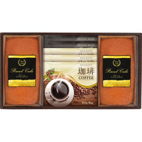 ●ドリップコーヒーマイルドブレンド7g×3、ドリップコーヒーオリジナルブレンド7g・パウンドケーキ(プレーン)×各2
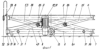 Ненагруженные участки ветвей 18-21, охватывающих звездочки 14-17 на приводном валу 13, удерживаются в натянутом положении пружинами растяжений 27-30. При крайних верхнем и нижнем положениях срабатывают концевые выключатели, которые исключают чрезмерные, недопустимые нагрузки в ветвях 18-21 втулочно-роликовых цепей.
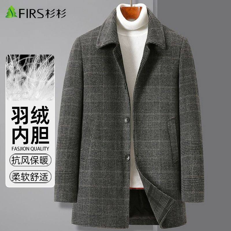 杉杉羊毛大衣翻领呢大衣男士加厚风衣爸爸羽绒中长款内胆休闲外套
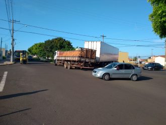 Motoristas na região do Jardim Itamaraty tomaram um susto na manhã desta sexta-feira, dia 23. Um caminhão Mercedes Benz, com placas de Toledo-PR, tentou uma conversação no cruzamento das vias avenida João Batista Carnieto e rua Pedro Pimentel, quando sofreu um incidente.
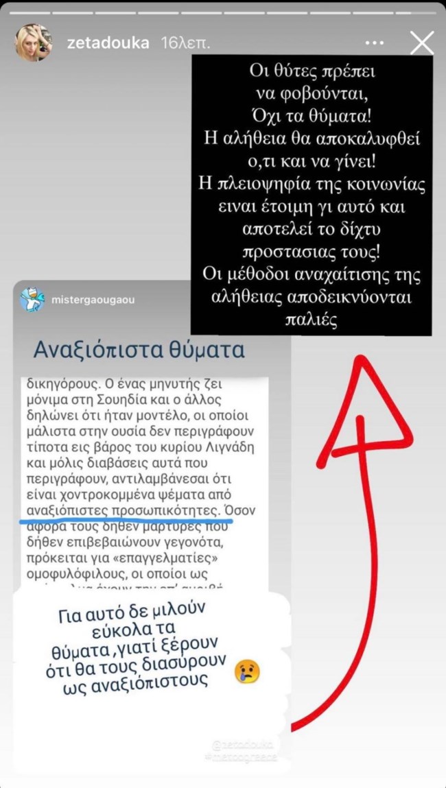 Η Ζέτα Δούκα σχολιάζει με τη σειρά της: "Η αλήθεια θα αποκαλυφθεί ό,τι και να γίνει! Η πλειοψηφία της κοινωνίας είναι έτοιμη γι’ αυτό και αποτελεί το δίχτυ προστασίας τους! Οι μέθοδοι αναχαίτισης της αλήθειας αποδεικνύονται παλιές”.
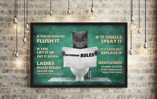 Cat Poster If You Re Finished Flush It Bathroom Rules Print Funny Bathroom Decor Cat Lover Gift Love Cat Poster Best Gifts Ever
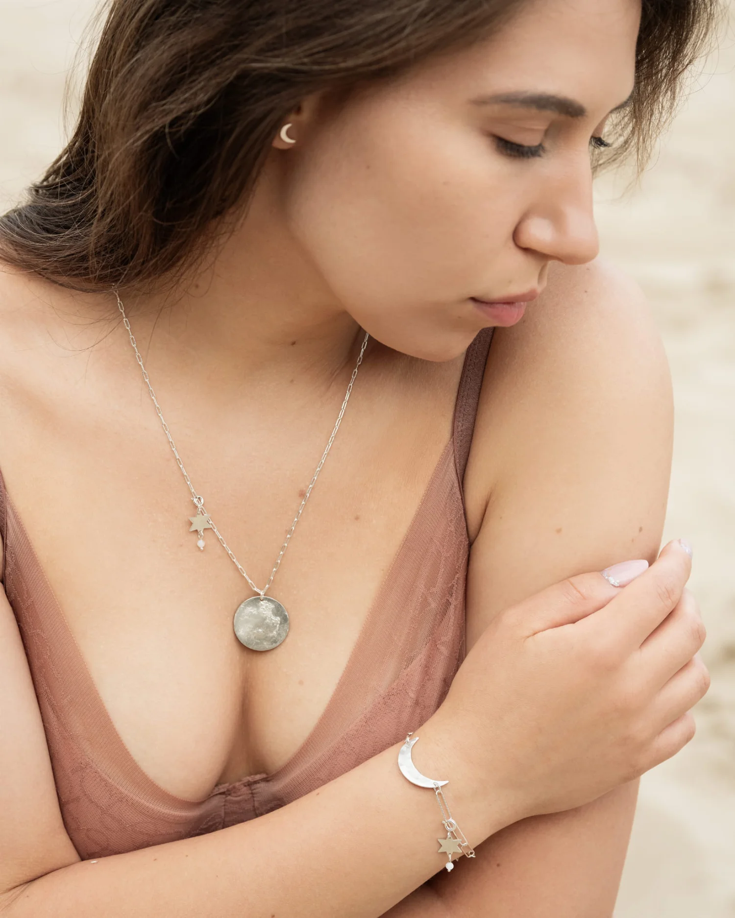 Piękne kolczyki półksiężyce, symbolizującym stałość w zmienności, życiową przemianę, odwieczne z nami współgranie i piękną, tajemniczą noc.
○ ○ ○ ○ ○
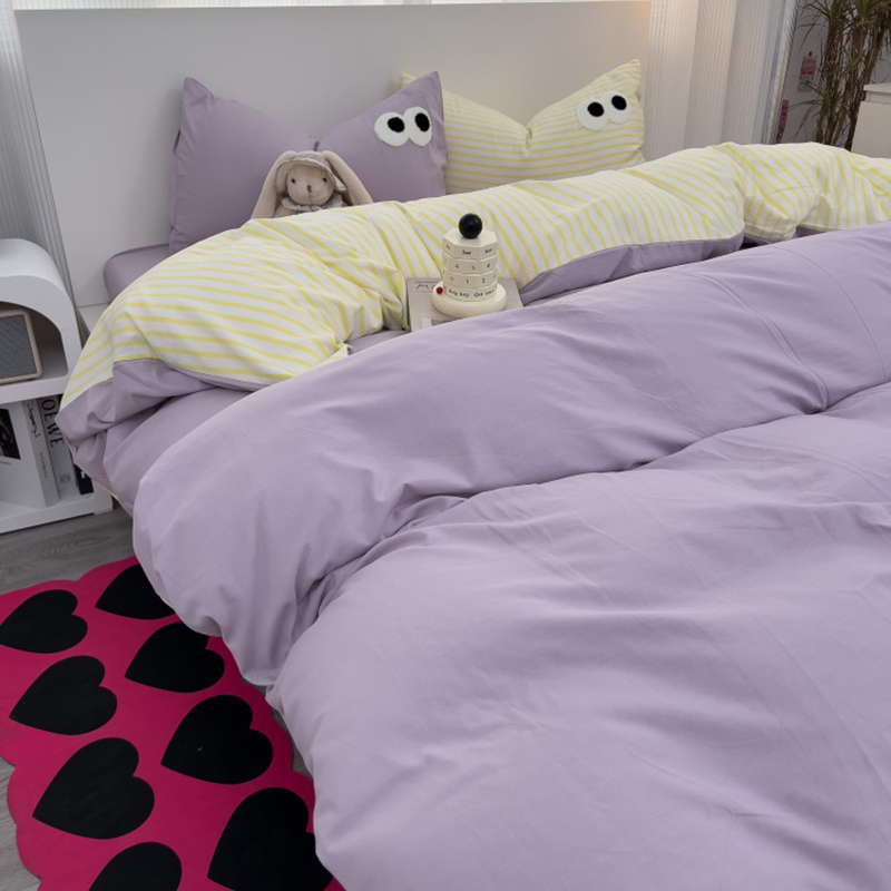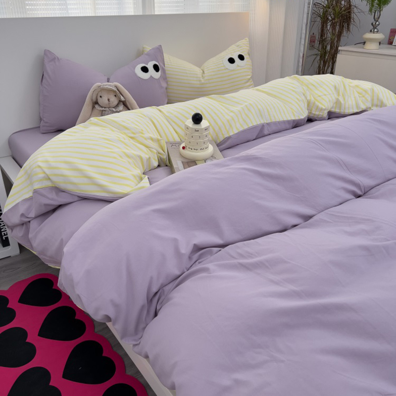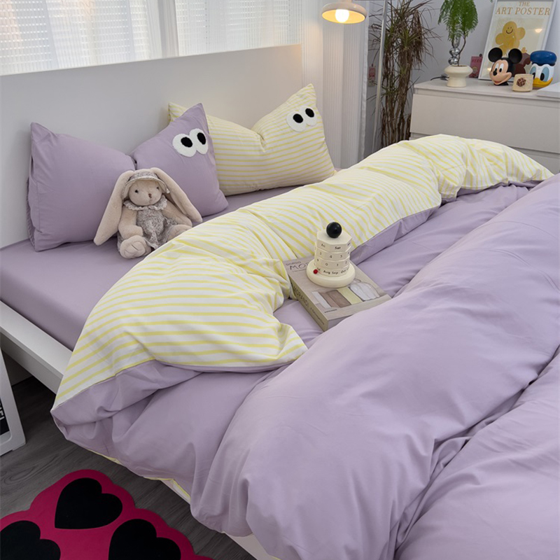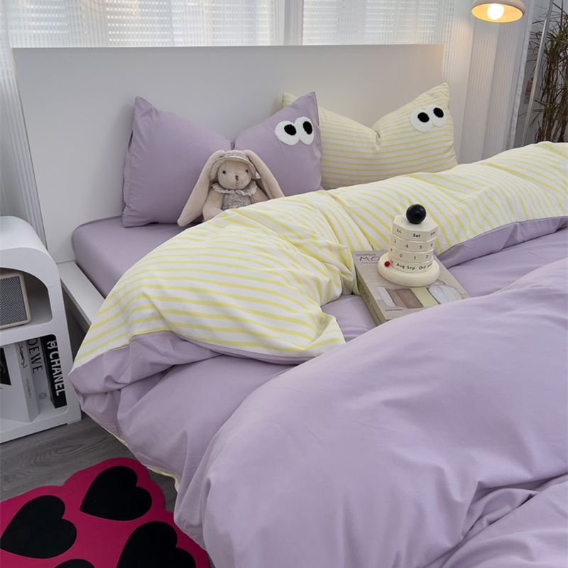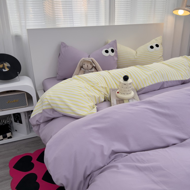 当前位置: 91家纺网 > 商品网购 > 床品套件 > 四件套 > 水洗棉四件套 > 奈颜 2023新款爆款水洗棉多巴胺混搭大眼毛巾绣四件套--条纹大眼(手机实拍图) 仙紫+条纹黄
○ ○ ○ ○ ○
Reproduce, exactly and only, the lines of the records above starting at the line with "杉杉羊毛大衣翻领呢大衣男士加厚风衣爸爸羽绒中长款内胆休闲外套" and ending at the line with "Motoristas na região", both included. Leave every picture out.

(Solution below):
 杉杉羊毛大衣翻领呢大衣男士加厚风衣爸爸羽绒中长款内胆休闲外套
 Motoristas na região do Jardim Itamaraty tomaram um susto na manhã desta sexta-feira, dia 23. Um caminhão Mercedes Benz, com placas de Toledo-PR, tentou uma conversação no cruzamento das vias avenida João Batista Carnieto e rua Pedro Pimentel, quando sofreu um incidente.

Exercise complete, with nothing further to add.